» **Exercise prompt**
What you return must be the data below, word for word, without any images.

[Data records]
-----

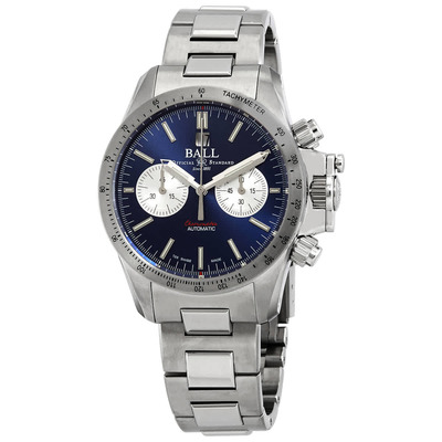 Analog blue dial, luminous silver-tone hands and index hour markers. Minute outer ring minute markers. Fixed stainless steel tachymeter bezel. Date display at the 12 o'clock position. Chronograph function with two sub-dials: one for seconds (0-60), one for minutes (0-45). Powered by Ball calibre RR140-C automatic movement featuring a 38-hour power reserve. Scratch resistant sapphire crystal glass. Stainless steel case equipped with screw-down crown and solid case back. Includes fold over clasp with safety release mechanism. Water resistant to 100 meters / 330 feet depth. Functions include chronograph, date, hour, minute, second, tachymeter. Dress watch style from the Engineer Hydrocarbon Racer collection. Swiss Made label.
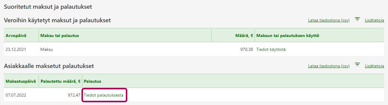 Taulukossa Asiakkaalle maksetut palautukset on eritelty palautuspäivän mukaan asiakkaalle maksetut palautukset. Näet erittelyn palautuksesta, kun valitset linkin Tiedot palautuksesta.
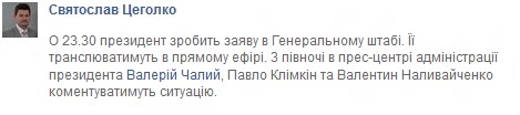 С полуночи в пресс-центре Администрации Президента (АП) будут находиться замглавы АП Валерий Чалый, Министр иностранных дел Павел Климкин, а также глава СБУ Валентин Наливайченко, которые будут коммментировать ситуацию с начала предполагаемого перемирия.
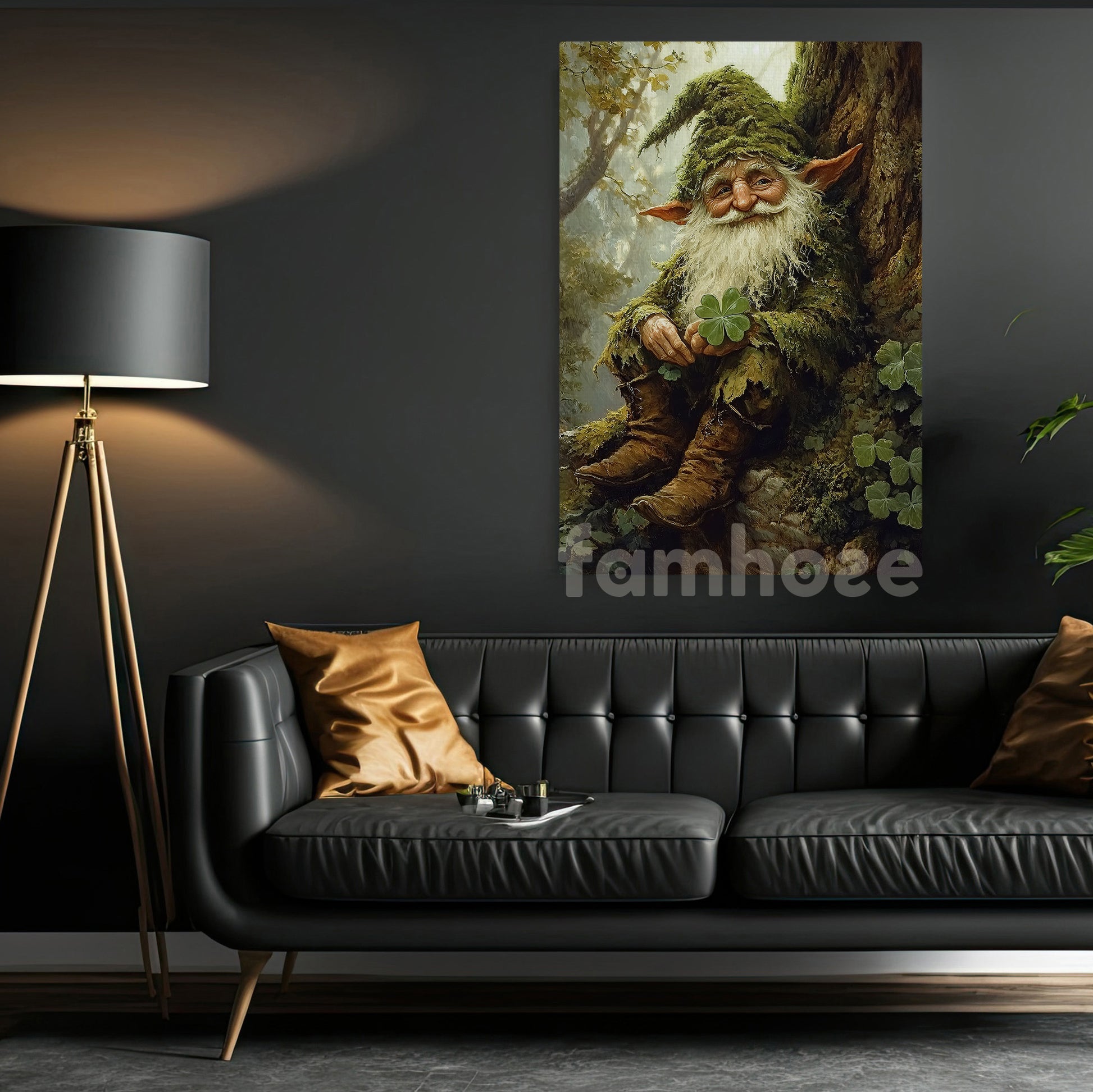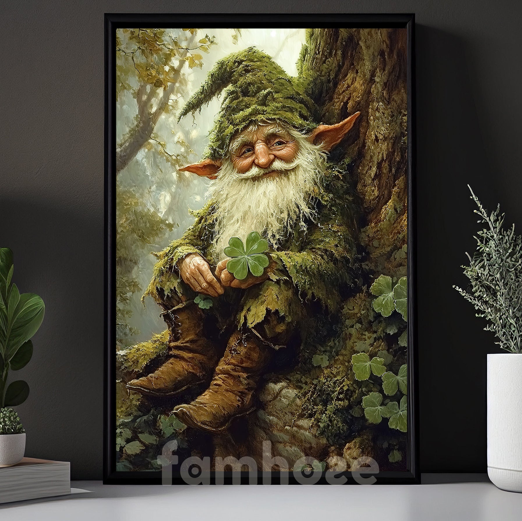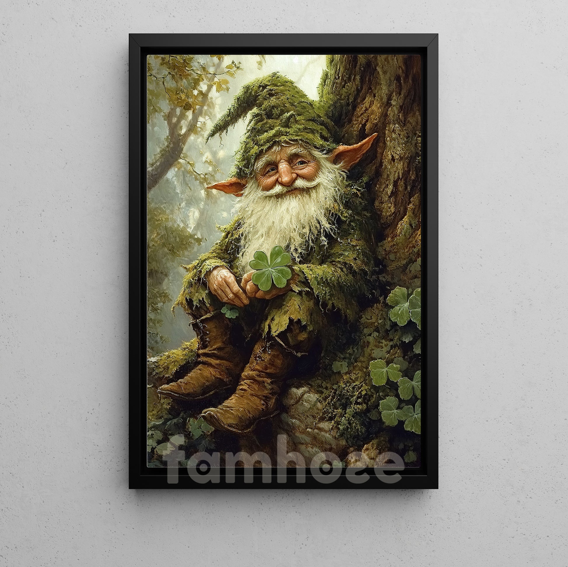 St Patrick's Day Canvas Painting, Whimsical Forest Gnome With Shamrocks Wall Art Decor, Irish Poster Gift
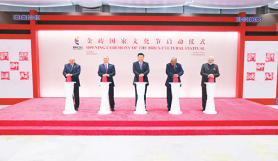 同日,金磚國家領(lǐng)導(dǎo)人共同出席金磚國家文化節(jié)啟動儀式暨文化圖片展。習(xí)近平和其他金磚國家領(lǐng)導(dǎo)人在各國印章柱上按下印章,對面屏幕上同時顯示出金磚國家中文國名篆刻印文,共同啟動文化節(jié)開幕式。隨后,五國領(lǐng)導(dǎo)人共同參觀金磚國家文化圖片展,并觀看金磚國家首部合拍影片《時間去哪兒了》片花。
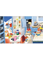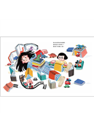 如果只讀文字,真是讓媽媽放一百二十個心,但──搭上圖畫,幾乎是育兒過程中的崩潰大全。畫面裡媽媽的觀點瞬間得到我的共鳴,實在好氣又好笑。一個披頭散髮、眼下烏青又燒得像顆蕃茄的媽媽,穿著睡衣,虛弱的躺在地上,動彈不得。小孩在一旁忙碌又周到的照顧媽媽,一刻不得閒:怕媽媽無聊,為媽媽念故事,用滿滿的玩具將媽媽圍繞;怕媽媽餓了,端出平日捨不得吃的巧克力、洋芋片、冰棒和餅乾給媽媽當午餐。廚房裡,小小的身影踩上高椅凳,翻箱倒櫃,倒牛奶、煮麵條彷彿前線戰場,看得我心跳漏了幾拍。
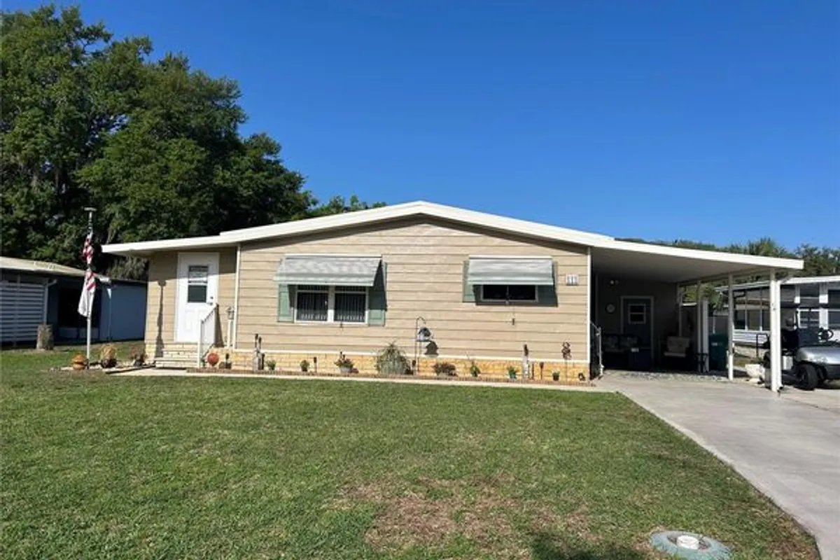 Located in a desirable 55+ community in Wildwood, this well-maintained home sits on your own land and offers a wonderful Florida lifestyle! Recent updates include a new front door, New flooring, updated master bath and shower, and A/C replaced just 2 years ago. Additional features include irrigation system R/O certificate. Enjoy a community full of amenities and an unbeatable location just minutes from The Villages with shopping, dining, golf, and entertainment nearby. Perfect for seasonal or full-time Florida living!
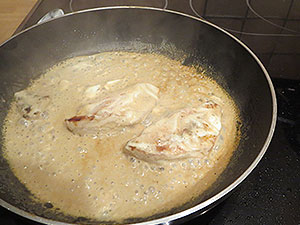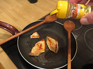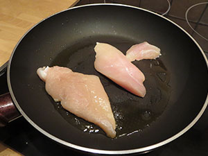Potem na segreto ponev postavite piščančje zrezke, katere ste pripravili na začetku. |
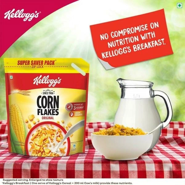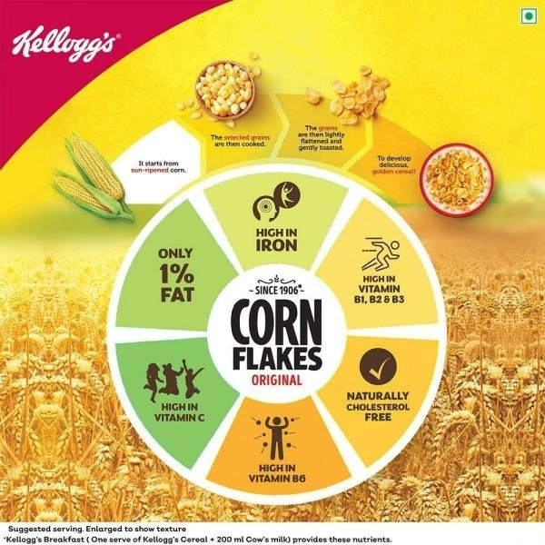 Kellogg's Corn Flakes is a nourishing breakfastcerealat its very best. Every bite of these crunchy, goldenflakesis just as delicious as the first. It is prepared fromcornand enriched with iron and 8 essential vitamins. You'll be on your way to a great day when you pour a bowl of Kellogg's Corn Flakes into your breakfast bowl. You can have it with hot/ cold milk and add some fruits and nuts for delicious taste. So go ahead, buy Kellogg's Corn Flakes online today and start your day on a healthy note.
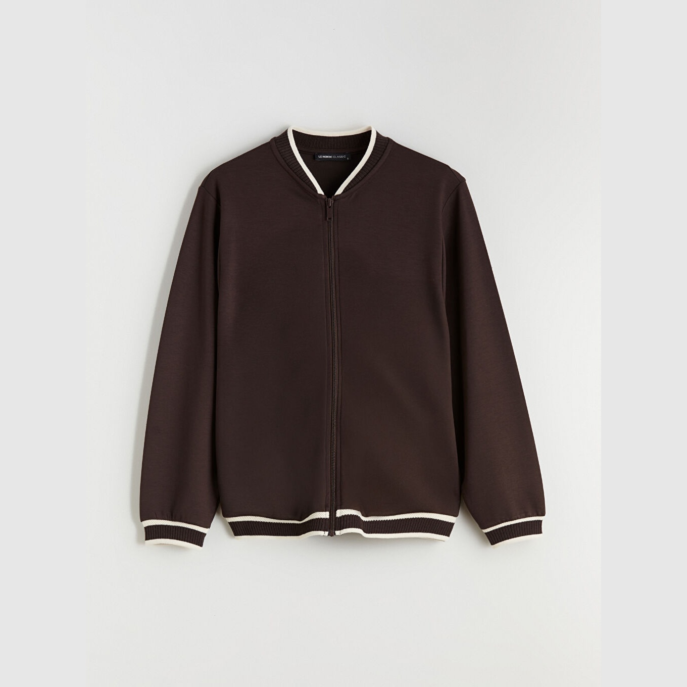 جاكيت عملي بلون بني (Kahverengi) من مجموعة LCWAIKIKI Basic، مستوحى من تصميم الجاكيتات الجامعية (College Jacket)، يتميز بياقة كوليج كلاسيكية، قصة واسعة (Loose Fit) تمنحك حرية حركة وأناقة كاجوال، خامة إنترلوك خفيفة بتركيبة مريحة من %50 فيسكوز، %47 بوليستر، %3 إيلاستان، تصميم سادة بدون نقوش، مزود بسحاب أمامي (Fermuarlı) للإغلاق، مثالي للإطلالات اليومية أو الرياضية، متوفر بمقاسات من S حتى 5XL.
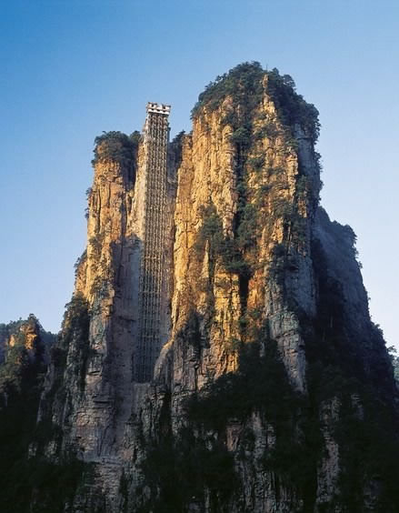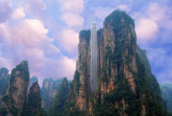| 百龍?zhí)焯菀挥谑澜缱匀贿z產(chǎn)張家界武陵源風(fēng)景名勝區(qū),1999年9月動工,2002年4月投入營運,電梯的主要設(shè)備由德國知名電梯公司研究生產(chǎn),耗資人民幣1.8億元,被譽為“世界上最高、運行速度最快、載重量最大的電梯”,也因此被載入吉尼斯世界紀錄。
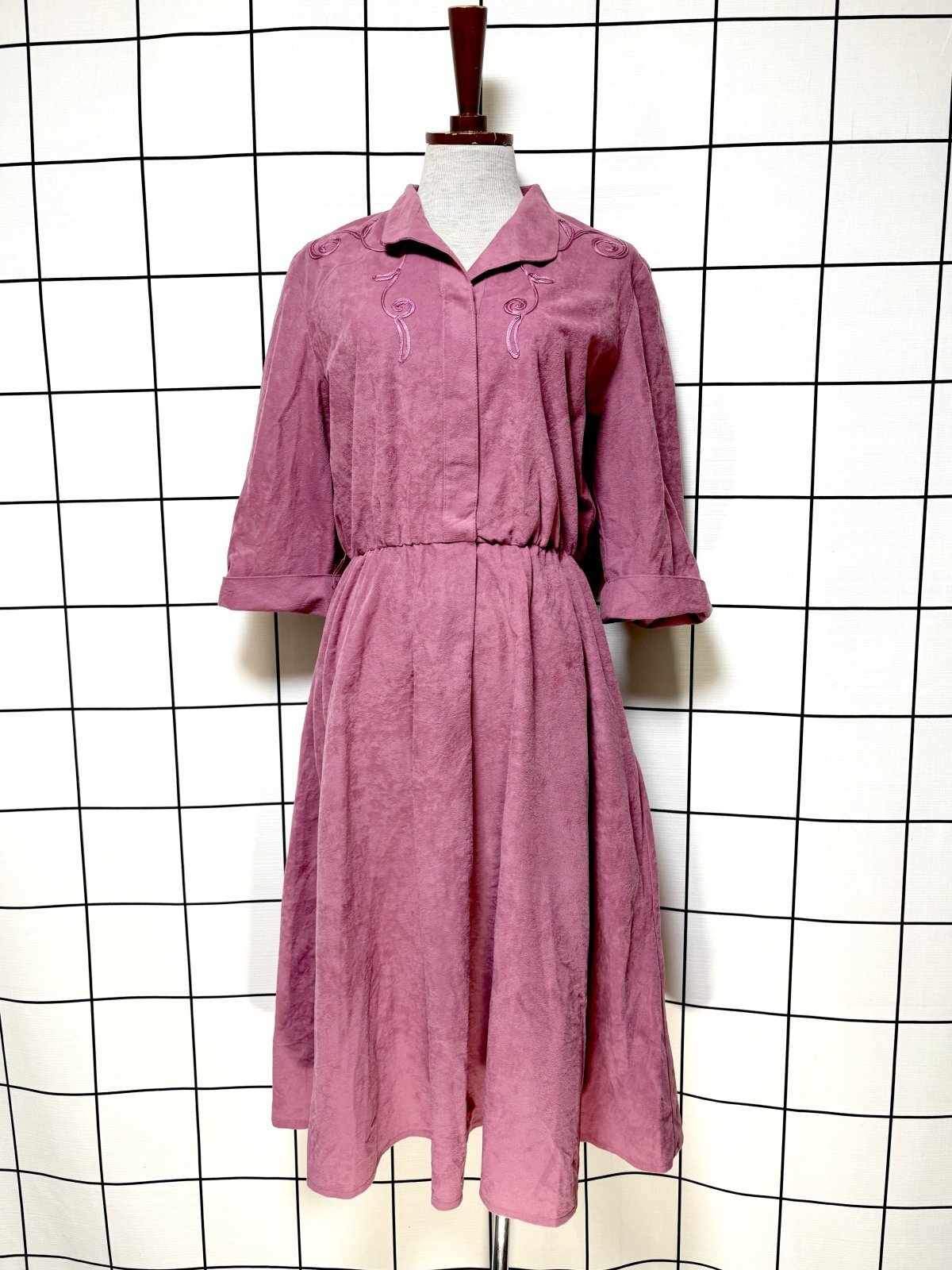 ベロア 無地 レトロ 長袖 USA古着 ヴィンテージワンピース

-----

» **Response area**
 Analog blue dial, luminous silver-tone hands and index hour markers. Minute outer ring minute markers. Fixed stainless steel tachymeter bezel. Date display at the 12 o'clock position. Chronograph function with two sub-dials: one for seconds (0-60), one for minutes (0-45). Powered by Ball calibre RR140-C automatic movement featuring a 38-hour power reserve. Scratch resistant sapphire crystal glass. Stainless steel case equipped with screw-down crown and solid case back. Includes fold over clasp with safety release mechanism. Water resistant to 100 meters / 330 feet depth. Functions include chronograph, date, hour, minute, second, tachymeter. Dress watch style from the Engineer Hydrocarbon Racer collection. Swiss Made label.
 Taulukossa Asiakkaalle maksetut palautukset on eritelty palautuspäivän mukaan asiakkaalle maksetut palautukset. Näet erittelyn palautuksesta, kun valitset linkin Tiedot palautuksesta.
 С полуночи в пресс-центре Администрации Президента (АП) будут находиться замглавы АП Валерий Чалый, Министр иностранных дел Павел Климкин, а также глава СБУ Валентин Наливайченко, которые будут коммментировать ситуацию с начала предполагаемого перемирия.
 St Patrick's Day Canvas Painting, Whimsical Forest Gnome With Shamrocks Wall Art Decor, Irish Poster Gift
 同日,金磚國家領(lǐng)導(dǎo)人共同出席金磚國家文化節(jié)啟動儀式暨文化圖片展。習(xí)近平和其他金磚國家領(lǐng)導(dǎo)人在各國印章柱上按下印章,對面屏幕上同時顯示出金磚國家中文國名篆刻印文,共同啟動文化節(jié)開幕式。隨后,五國領(lǐng)導(dǎo)人共同參觀金磚國家文化圖片展,并觀看金磚國家首部合拍影片《時間去哪兒了》片花。
 如果只讀文字,真是讓媽媽放一百二十個心,但──搭上圖畫,幾乎是育兒過程中的崩潰大全。畫面裡媽媽的觀點瞬間得到我的共鳴,實在好氣又好笑。一個披頭散髮、眼下烏青又燒得像顆蕃茄的媽媽,穿著睡衣,虛弱的躺在地上,動彈不得。小孩在一旁忙碌又周到的照顧媽媽,一刻不得閒:怕媽媽無聊,為媽媽念故事,用滿滿的玩具將媽媽圍繞;怕媽媽餓了,端出平日捨不得吃的巧克力、洋芋片、冰棒和餅乾給媽媽當午餐。廚房裡,小小的身影踩上高椅凳,翻箱倒櫃,倒牛奶、煮麵條彷彿前線戰場,看得我心跳漏了幾拍。
 Located in a desirable 55+ community in Wildwood, this well-maintained home sits on your own land and offers a wonderful Florida lifestyle! Recent updates include a new front door, New flooring, updated master bath and shower, and A/C replaced just 2 years ago. Additional features include irrigation system R/O certificate. Enjoy a community full of amenities and an unbeatable location just minutes from The Villages with shopping, dining, golf, and entertainment nearby. Perfect for seasonal or full-time Florida living!
Potem na segreto ponev postavite piščančje zrezke, katere ste pripravili na začetku. |
 Kellogg's Corn Flakes is a nourishing breakfastcerealat its very best. Every bite of these crunchy, goldenflakesis just as delicious as the first. It is prepared fromcornand enriched with iron and 8 essential vitamins. You'll be on your way to a great day when you pour a bowl of Kellogg's Corn Flakes into your breakfast bowl. You can have it with hot/ cold milk and add some fruits and nuts for delicious taste. So go ahead, buy Kellogg's Corn Flakes online today and start your day on a healthy note.
 جاكيت عملي بلون بني (Kahverengi) من مجموعة LCWAIKIKI Basic، مستوحى من تصميم الجاكيتات الجامعية (College Jacket)، يتميز بياقة كوليج كلاسيكية، قصة واسعة (Loose Fit) تمنحك حرية حركة وأناقة كاجوال، خامة إنترلوك خفيفة بتركيبة مريحة من %50 فيسكوز، %47 بوليستر، %3 إيلاستان، تصميم سادة بدون نقوش، مزود بسحاب أمامي (Fermuarlı) للإغلاق، مثالي للإطلالات اليومية أو الرياضية، متوفر بمقاسات من S حتى 5XL.
| 百龍?zhí)焯菀挥谑澜缱匀贿z產(chǎn)張家界武陵源風(fēng)景名勝區(qū),1999年9月動工,2002年4月投入營運,電梯的主要設(shè)備由德國知名電梯公司研究生產(chǎn),耗資人民幣1.8億元,被譽為“世界上最高、運行速度最快、載重量最大的電梯”,也因此被載入吉尼斯世界紀錄。
 ベロア 無地 レトロ 長袖 USA古着 ヴィンテージワンピース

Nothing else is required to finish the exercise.